Anket katılımcılarının %32,9’luk kesimi kendisinin veya yakınının saldırıya uğramadığı belirtiyor. Aynı soruya %33,9’luk kısım yakının köpek saldırısına uğradığını %24’lük kesim ise kendisinin uğradığını belirtiyor. %8,9 ise hem kendisinin hem de yakınlarının sokak köpeği saldırısına uğradığını söylemiş.

Anket içindeki bir diğer soruda ise saldırgan köpeklerin barınaklara bırakılması hakkındaki düşüncelerinin ne olduğu soruluyor. % 40,5’lik kısım insanlara saldıran köpeklerin barınaklara bırakılması gerektiğini düşünürken yüzde 35,6’sı ise hayvanların rehabilite edilmesi gerektiğini savundu. % 16,4’lük dilimde ise saldırgan hayvanların uyutulması gerektiğini söyleyenler yer aldı. %7,5 ise “kısırlaştırılmalı” dedi.

Sokak hayvanlarının toplanıp barınağa bırakılıp bırakılmaması ile ilgili görüş bildirenlerin ise % 51’i sokak hayvanlarının  doğal hallerine bırakılması gerektiğini düşünüyor.

Sahipsiz köpekler, ısırık darbeleri ile kalıcı sakatlıklara ve de ölümlere doğrudan neden oldukları gibi kaçma kovalama esnasında trafik kazalarına sebebiyet verebiliyor.

Çevre ve gürültü kirliliğine neden olmaları da yine hepimizin şahit olduğu sorunlardan birkaçı.

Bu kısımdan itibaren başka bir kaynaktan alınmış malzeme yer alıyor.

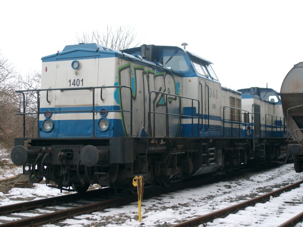 Die 1401 und 1702 der Firma D&D warten am 23.01.2010 in Bad Langensalza Ost auf die entladenen Getreidewagen.
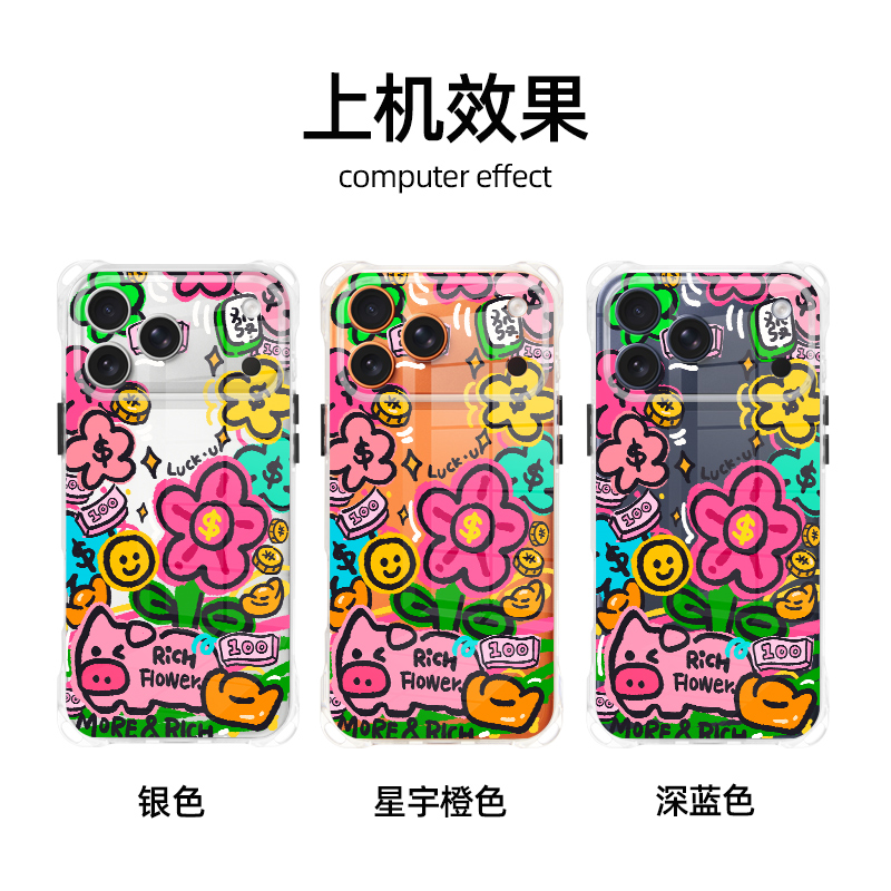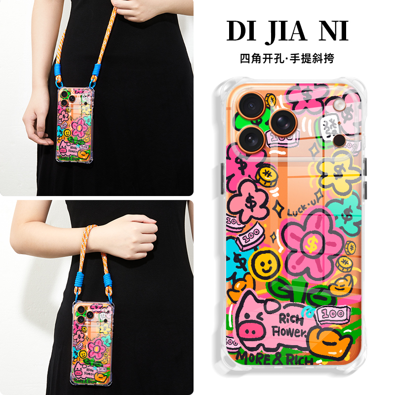 多彩有钱花适用苹果17pro手机壳挂绳透明iphone16promax手腕斜挎15可背手提14防摔往13新款Air高级pm挂脖12
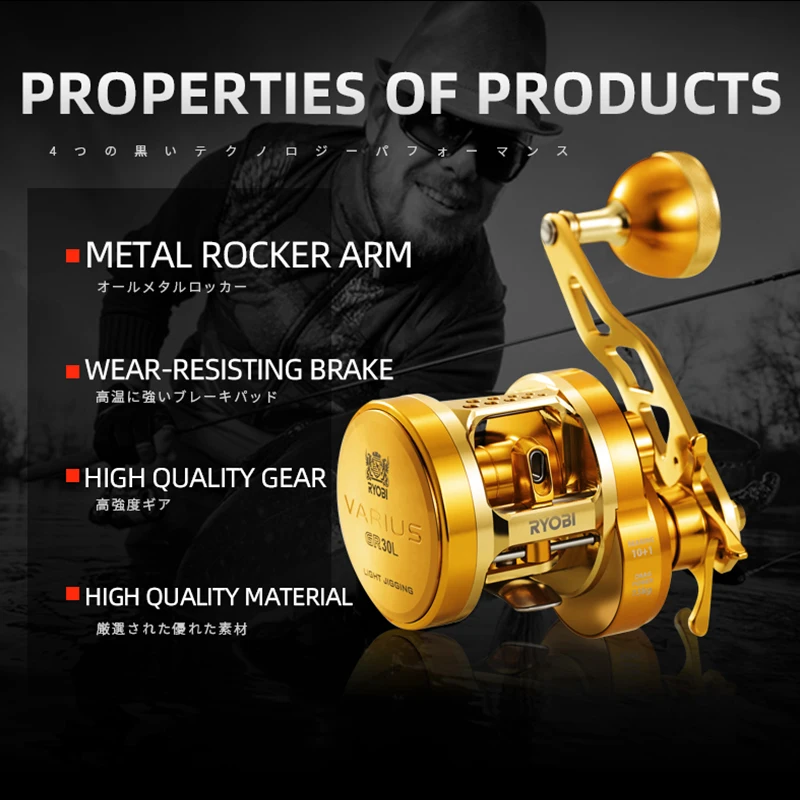 Amazing!! Japan RYOBI VARIUS GR30L Slow Jigging Full Metal Fishing Reel Light Jigging Drum Wheel 11BB 15KG For Boat Bait Casting Reel Sea

Avrupa Birliği ülkeleri sahipsiz köpek sorununu nasıl çözdü? 

Hayvan refahı, en geniş anlamıyla şu şekilde tanımlanabilir“Çiftlik, pet, egzotik, laboratuvar ve vahşi hayvanların bakımı, beslenmesi, barındırılması, yetiştirilmesi, nakliyesi, kesimi, tedavisi ya da bilimsel araştırmalarda kullanımı sırasında ağrı, acı ve ızdıraptan uzak, sağlık, mutluluk ve iyilik hallerinin sağlanması”.

İngiltere hükümeti bünyesinde 1993 yılında oluşturulan Hayvan Refahı Komitesi hayvanlara verilmesi gereken 5 özgürlüğü şu şekilde sıralamıştır (Anon-2, 1993):

  1.  Hayvanların açlık, susuzluk vb. şeklinde ihtiyaçlarından yoksun bırakılmaması,
  2.  Hayvanların bulundukları çevre şartlarından rahatsız olmamaları,
  3.  Hayvanların acı ve ağrıya neden olan çarpma, yaralanma ve hastalıklardan korunması,
  4.  Hayvanların normal davranışlarını sergileyebilmesi
  5.  Hayvanların korku ve strese neden olan olaylardan korunması.

World Animal Protection’a göre İngiltere, Avusturya, Hollanda, İsviçre, İtalya, Danimarka ve İsveç’te sokak hayvanı sorunu yok denecek kadar az. Bu ülkelerde hayvan refahı son derece iyi durumda.

Kaynak

Bu ülkelerde sahipsiz köpekler toplanıp bakımevlerine yerleştiriliyor. Ayrıca köpeklerin sokağa atılmasının önüne geçmek için zorunlu kayıt sistemleri bulunuyor. Kayıt sistemi gereği köpeklere yerleştirilen mikroçip ve dövmeler, onların kimlikleri yerine geçiyor. Böylece sahipleri, köpeklerini terk edemiyor.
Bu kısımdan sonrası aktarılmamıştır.